Saturday 28 July 2012

Boston Tea Party Museum- The Empire strikes back!

The Boston Tea Party Museum stands on the site of the Boston Tea Party, known as 'The stone cold tea massacre' to all British schoolkids. My target is acquired.

Inside, visitors encounter guides impersonating characters from the event. Here, charismatic sociopath Samuel Adams implores us to engage in colonial thuggery.
The heartless tea-bashing continues aboard deck, with children encouraged to throw replica crates into the harbor. Damned un-English!

But not so fast! While the Manson family-style horror continues, I clandestinely drop a perforated tiny bag from old Blighty upon the deck. That's right- I'm putting that tea BACK on the ship!

Down below decks I do the same, right on top of a crate of salty biscuits or weevils or some shit. Sons of Washington, sons of Lincoln and Happy Day's Tom Boswell: who's laughing now? Who's laughing? Whu-ha-ha-haaa!

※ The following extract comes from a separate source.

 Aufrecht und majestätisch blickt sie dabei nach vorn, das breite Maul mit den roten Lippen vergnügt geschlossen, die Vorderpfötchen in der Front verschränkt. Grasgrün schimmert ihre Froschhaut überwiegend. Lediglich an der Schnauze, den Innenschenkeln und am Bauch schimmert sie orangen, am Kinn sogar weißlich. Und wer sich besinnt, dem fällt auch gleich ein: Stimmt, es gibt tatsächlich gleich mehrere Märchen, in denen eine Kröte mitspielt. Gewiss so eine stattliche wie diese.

My mission complete and escape made (despite a minor shoot-out with Ron Paul in the gift shop), I settle down to drink Virgil's root beer. Please note America- I am not pouring this much-loved beverage of yours into sea water and turds. I'm pouring it down my bloody throat. Anyhoo, honor satisfied, I think. Your move, Mel Gibson!


  1. I have been happily waiting for this post.

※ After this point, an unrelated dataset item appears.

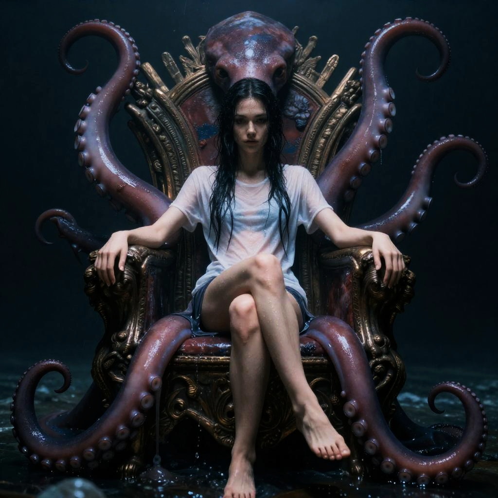 Nsfw, best quality, masterpiece, ultra high res, (photorealistic:1.3), 8K, raw photo, 1girl, full body, queen, sitting on a throne, fashion, (surrounded by tentacles:1.2), octopus, slime, drool, wet, cum, wet hair, tentacle porn, poseidon, fucked by tentacle, wearing wet t-shirt, wet clothes, water, film grain

    1. That's very sporting of you, my American pal.

  2. What an unusual lot of animal paintings. You obviously enjoy painting them. Lots of animal paintings can be browsed at wahooart.com who supplies canvas prints from the images. How about this one?: by Archibald Thorburn, a Scottish bird artist, http://EN.WahooArt.com/A55A04/w.nsf/OPRA/BRUE-8DP2A6, of a Great Auk.

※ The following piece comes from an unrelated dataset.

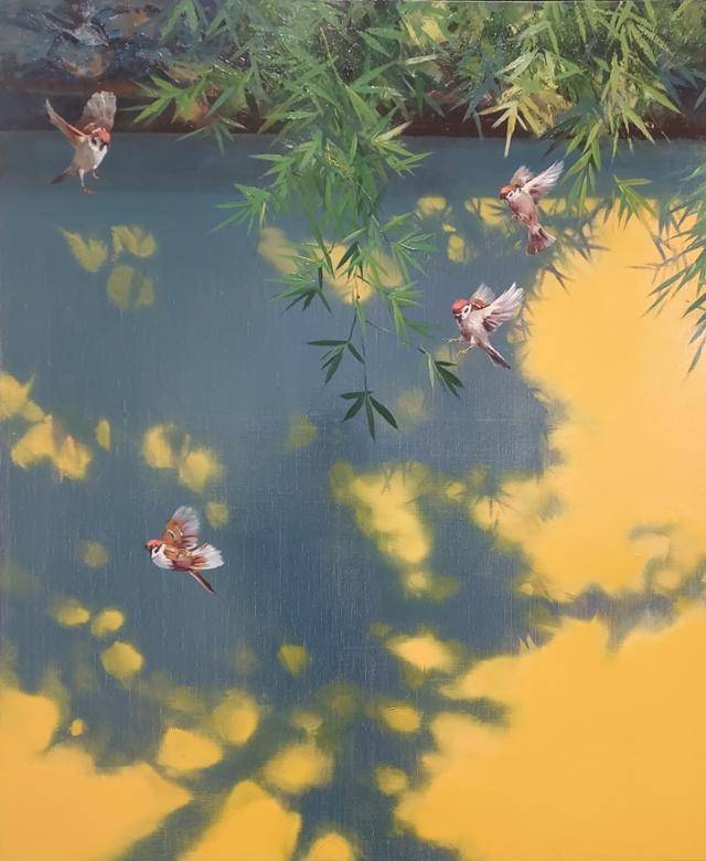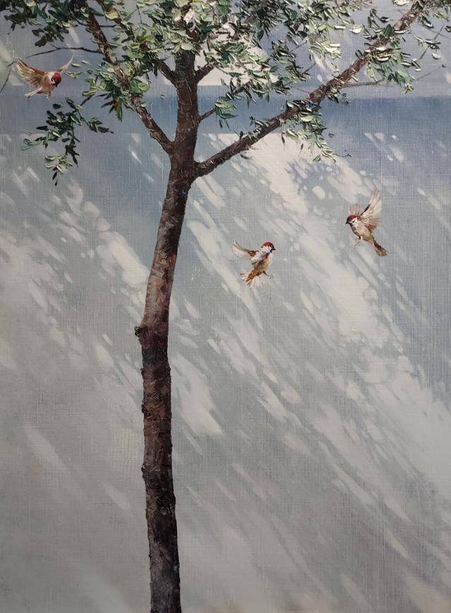 이 시리즈는 실제의 나무와 참새를 그리고, 그 뒤에 비추는 ‘빛의 그림자’를 캔버스에 담아낸 작업이다. 현실과 그림자, 존재와 흔적, 새의 생동과 나무의 고요함이 겹치는 순간들이 이 작품들의 주제다. 햇살 가득한 정오, 나뭇잎 사이로 스며든 빛이 바닥에 수묵화처럼 번진다. 그 위를 자유롭게 날아다니는 작은 참새들. 가장 가볍고 조용하지만, 분명한 존재감으로 세상을 스쳐가는 그것은 어느 순간 작가 내면의 감정을 건드리는 풍경이 되었다. 작가는 그 조용한 장면을 화폭에 담아냈다.

    1. Scott. Scott, I thought we had this under control. It seems every blog I start, you turn up. I can't run anymore, Scott.

      These are not paintings, they are photos. Photos exist, Scott. Pretending they don't exist won't make photos go away.

      And they are not animals. The things in these photos (six in all, hardly anyone elses' idea of 'an unusual number but yours, Scott. Yes, eight DOES exist. Deal with it)are humans. Please, please give them the dignity of not calling them Great Auks.

      Scott, we'll always have Cancun. You know that. But even then we barely made it out of there alive. Border guards distrust turpentine and feathers, not to mention the stuffed adult Tapir.

      You gotta move on, my friend. Truly. I wish you an this Archibald Thorburn the best.

  3. James, what are you doing? Stop trying to undermine this vital institution. Don't you realize that exporting tea for Americans to throw into their harbors is about the only industry Britain has left?!